Sol Gabetta
Photograph: BBC

Multi award-winning artists 59 Productions, the team behind the video design of the Opening Ceremony of the 2012 London Olympic Games, have joined forces with the BBC Proms and internationally acclaimed cellist, Sol Gabetta, to create a brand new film, ‘Cello’, to celebrate the 2016 BBC Proms season. The film, and a ‘making of’ video, will be featured on the BBC Proms website and BBC iPlayer as well as shared widely on social media platforms.

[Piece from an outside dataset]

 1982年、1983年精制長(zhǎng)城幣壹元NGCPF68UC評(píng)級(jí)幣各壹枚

The film offers a tantalising taster ahead of the First Night of the BBC Proms on Friday 15 July, when Sol Gabetta will make her highly-anticipated debut performing Elgar’s Cello Concerto in E minor. Recorded at the BBC Radio Theatre in Broadcasting House, the film features Sol Gabetta performing the opening of the concerto as her cello is transformed by a series of bespoke animations created by 59 Productions that respond to and evolve with Elgar’s richly sonorous score. World-renowned for creating spectacular public artwork projection mapping some of the world’s most iconic buildings – from the Sydney Opera House to Edinburgh’s Usher Hall and the United Nations Headquarters in New York – Sol Gabetta's cello is the smallest object 59 Productions has ever projection mapped, made more complex by the instrument’s subtle motion. Using cutting-edge techniques including infra-red cameras which track where the cello is in 3D space, the projections seamlessly adhere to the surface of the cello to stunning visual effect.

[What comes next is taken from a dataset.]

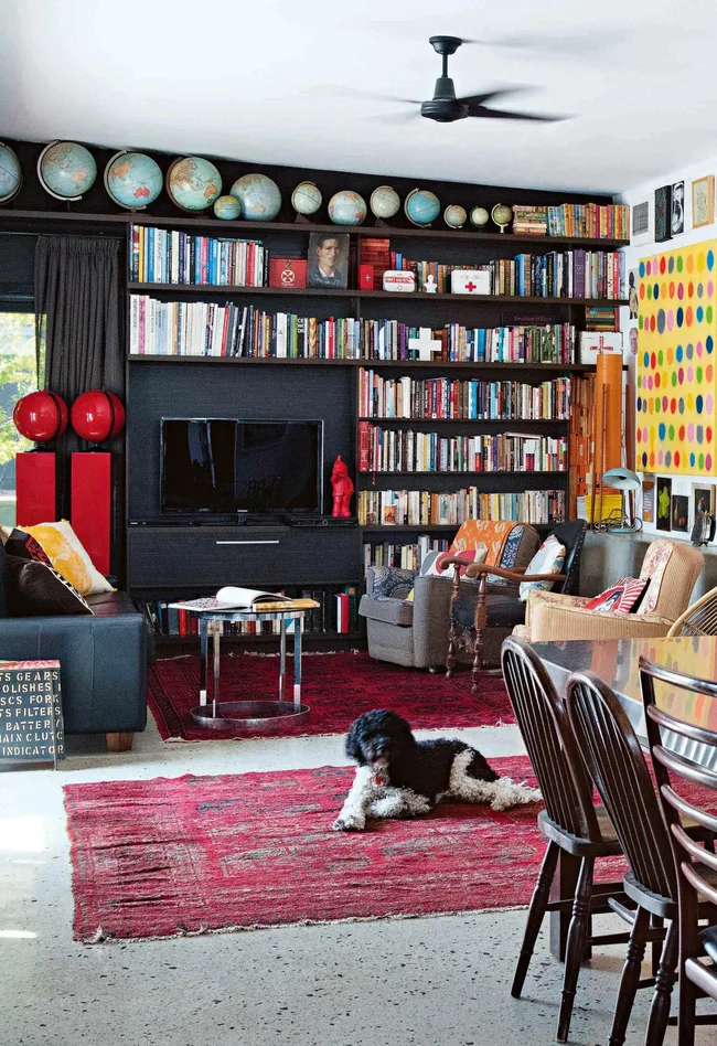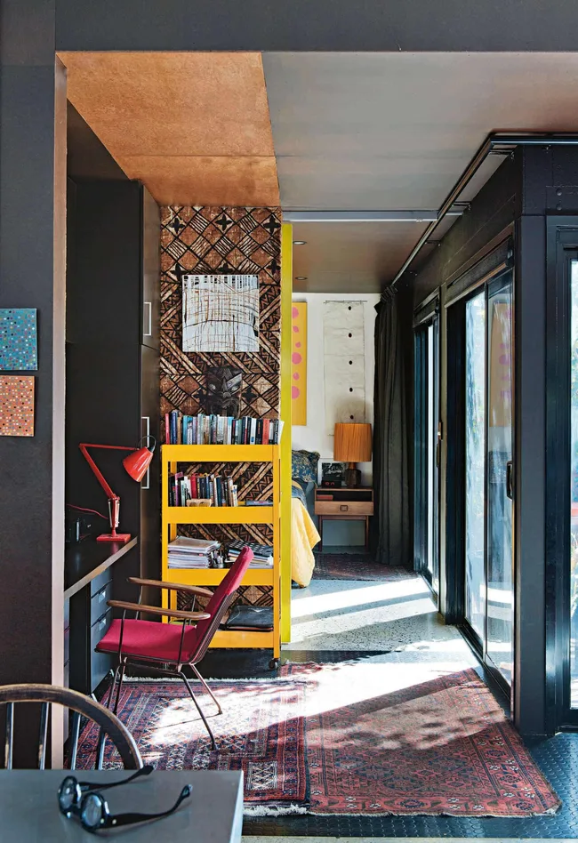 Study nook The hardworking Pirelli rubber floor is softened by layered vintage rugs.

David Pickard, Director of BBC Proms: “It is exciting for us to approach music from a different angle - adding a visual element which is not only striking in itself, but which also enhances the aural experience. I hope that lovers of both film and music will be intrigued and inspired by what has been created." Richard Slaney, Creative Director of 59 Productions: “We wanted to show the diversity and the range of the cello, and we thought it would be fun to show that in a really visual way so we decided to projection map Sol’s cello and use it as a visual storytelling device to accompany the music.”